Sec.Pharmacology of Anti-Cancer Drugs
AI-Based Drug Discovery of TKIs Targeting L858R/T790M/C797S-Mutant EGFR in Non-small Cell Lung Cancer
- AI LAB, AllLive Healthcare Co.,Ltd., Seongnam, Korea
Lung cancer has a high mortality rate, and non-small cell lung cancer (NSCLC) is the most common type of lung cancer. Patients have been observed to acquire resistance against various anticancer agents used for NSCLC due to L858R (or Exon del19)/T790M/C797S-EGFR mutations. Therefore, next-generation drugs are being developed to overcome this problem of acquired resistance. The goal of this study was to use artificial intelligence (AI) to discover drug candidates that can overcome acquired resistance and reduce the limitations of the current drug discovery process, such as high costs and long durations of drug design and production. To generate ligands using AI, we collected data related to tyrosine kinase inhibitors (TKIs) from accessible libraries and used LSTM (Long short term memory) based transfer learning (TL) model. Through the simplified molecular-input line-entry system (SMILES) datasets of the generated ligands, we obtained drug-like ligands via parameter-filtering, cyclic skeleton (CSK) analysis, and virtual screening utilizing deep-learning method. Based on the results of this study, we are developing prospective EGFR TKIs for NSCLC that have overcome the limitations of existing third-generation drugs.

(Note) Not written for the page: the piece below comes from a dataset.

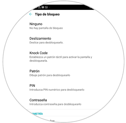 Aquí podrás elegir entre distintos tipos de bloqueo para la pantalla:

Cancer is one of the leading causes of death worldwide (Sung et al., 2021). In the United States, cancer is the second leading cause of death as of 2017–2018, accounting for 21% of the deaths. The mortality rates according to the cancer type from 2014 to 2018 in the United States are as follows (rates are per 100,000 population). Lung and bronchus cancer was 38.5, breast cancer (female) was 20.1, prostate cancer was 19.0, colon and rectum cancer was 13.7, liver and intrahepatic bile duct cancer was 6.6, and Kidney and renal pelvis cancer was 3.6 (Siegel et al., 2021). Among many cancers, lung cancer has a high mortality rate. Approximately 1.7 million people died from lung cancer in 2018, with non-small cell lung cancer (NSCLC) being the cause of death in over 80% of these cases (Yuan et al., 2019). Platinum-based doublet chemotherapy (e.g., cisplatin), which directly induces cancer cell apoptosis, has been used to treat lung cancer since 2005. However, this treatment has drawbacks such as inducement of normal cell apoptosis and achievement of only a short survival period of 10 months. Since the discovery of genetic mutations related to epidermal growth factor receptor (EGFR) in 2004, numerous targeted anticancer agents with fewer side effects compared to chemotherapy have been developed. These agents have extended the survival period of patients with lung cancer to over 24 months (Li et al., 2019) (Jiao et al., 2018) (Yuan et al., 2019).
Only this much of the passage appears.